Set down the data below in full and exactly, minus the pictures.

Data shown =
--*--

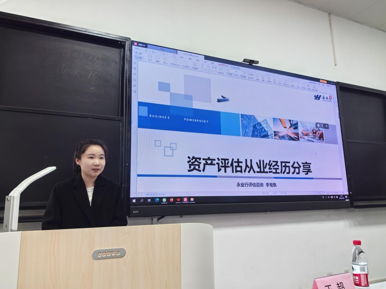 宣讲会上,李鸾飘作为行业优秀青年代表,结合自身从业经历,分享了资产评估行业的发展前景、考试经验及职业规划建议,鼓励学生积极报考资产评估师,投身咨询评估行业,实现自身价值。
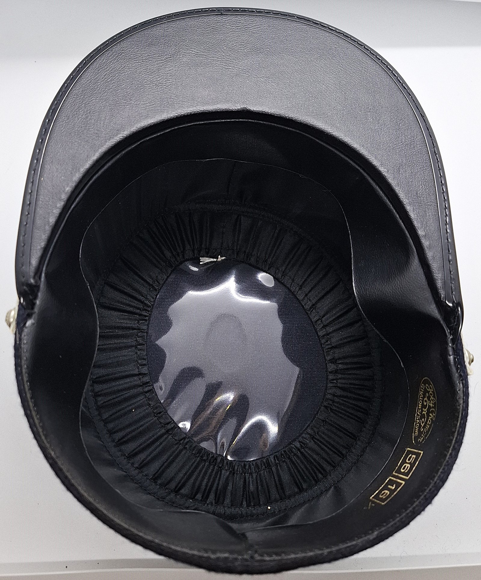 Otok z grubszego tworzywa. Obszyty materiałem zasadniczym w kolorze czarnym. Denko w kolorze niebieskim, bez węzła węgierskiego. Pasek metalizowany w kolorze srebrnym. Przypięty guzikami złożonymi z dwóch części. Zewnętrzna tłoczona z wizerunkiem gorejącego granatu, wewnętrzna płaska, z niech wychodzą wąsy do mocowania do czapki. Posiada skórzany potnik w kolorze czarnym. Daszek płaski, tworzywowy, z góry gładki lecz zniszczony, od spodu charakterystyczna podłużna faktura. Na rancie obszyty paskiem z tworzywa. Na przodzie gorejący granat haftowany szarymi nićmi na materiale zasadniczym. Wnętrze jest wyłożone podszewką ściągniętą w charakterystyczny sposób w denku.
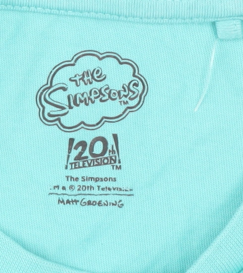 Delight your young TV series fan with this playful blue T-shirt featuring Bart Simpson from The Simpsons. Perfectly tailored for boys aged 11-12 years, this casual short sleeve T-shirt captures Bart's cheeky charm, highlighted in a bold graphic print. Made from 100% cotton, it offers a comfortable and breathable fit that's perfect for everyday wear. This shirt embodies a classic crew neck style, ensuring comfort and ease of wear. With its vibrant cartoon theme, it's perfect for expressing personality while staying casual. Whether worn on its own or layered, this tee is an ideal addition to any young fan's wardrobe. Easy to care for, it’s machine washable for added convenience. Although without original sales tags, it remains in excellent condition, devoid of stains or wear. Perfect for all seasons, pair it with shorts for a summer day or layer under a hoodie for cooler months. Snap up this charming piece for just £8.00 and let your child showcase their love for The Simpsons in style.

--*--

Finished exercise =
 宣讲会上,李鸾飘作为行业优秀青年代表,结合自身从业经历,分享了资产评估行业的发展前景、考试经验及职业规划建议,鼓励学生积极报考资产评估师,投身咨询评估行业,实现自身价值。
 Otok z grubszego tworzywa. Obszyty materiałem zasadniczym w kolorze czarnym. Denko w kolorze niebieskim, bez węzła węgierskiego. Pasek metalizowany w kolorze srebrnym. Przypięty guzikami złożonymi z dwóch części. Zewnętrzna tłoczona z wizerunkiem gorejącego granatu, wewnętrzna płaska, z niech wychodzą wąsy do mocowania do czapki. Posiada skórzany potnik w kolorze czarnym. Daszek płaski, tworzywowy, z góry gładki lecz zniszczony, od spodu charakterystyczna podłużna faktura. Na rancie obszyty paskiem z tworzywa. Na przodzie gorejący granat haftowany szarymi nićmi na materiale zasadniczym. Wnętrze jest wyłożone podszewką ściągniętą w charakterystyczny sposób w denku.
 Delight your young TV series fan with this playful blue T-shirt featuring Bart Simpson from The Simpsons. Perfectly tailored for boys aged 11-12 years, this casual short sleeve T-shirt captures Bart's cheeky charm, highlighted in a bold graphic print. Made from 100% cotton, it offers a comfortable and breathable fit that's perfect for everyday wear. This shirt embodies a classic crew neck style, ensuring comfort and ease of wear. With its vibrant cartoon theme, it's perfect for expressing personality while staying casual. Whether worn on its own or layered, this tee is an ideal addition to any young fan's wardrobe. Easy to care for, it’s machine washable for added convenience. Although without original sales tags, it remains in excellent condition, devoid of stains or wear. Perfect for all seasons, pair it with shorts for a summer day or layer under a hoodie for cooler months. Snap up this charming piece for just £8.00 and let your child showcase their love for The Simpsons in style.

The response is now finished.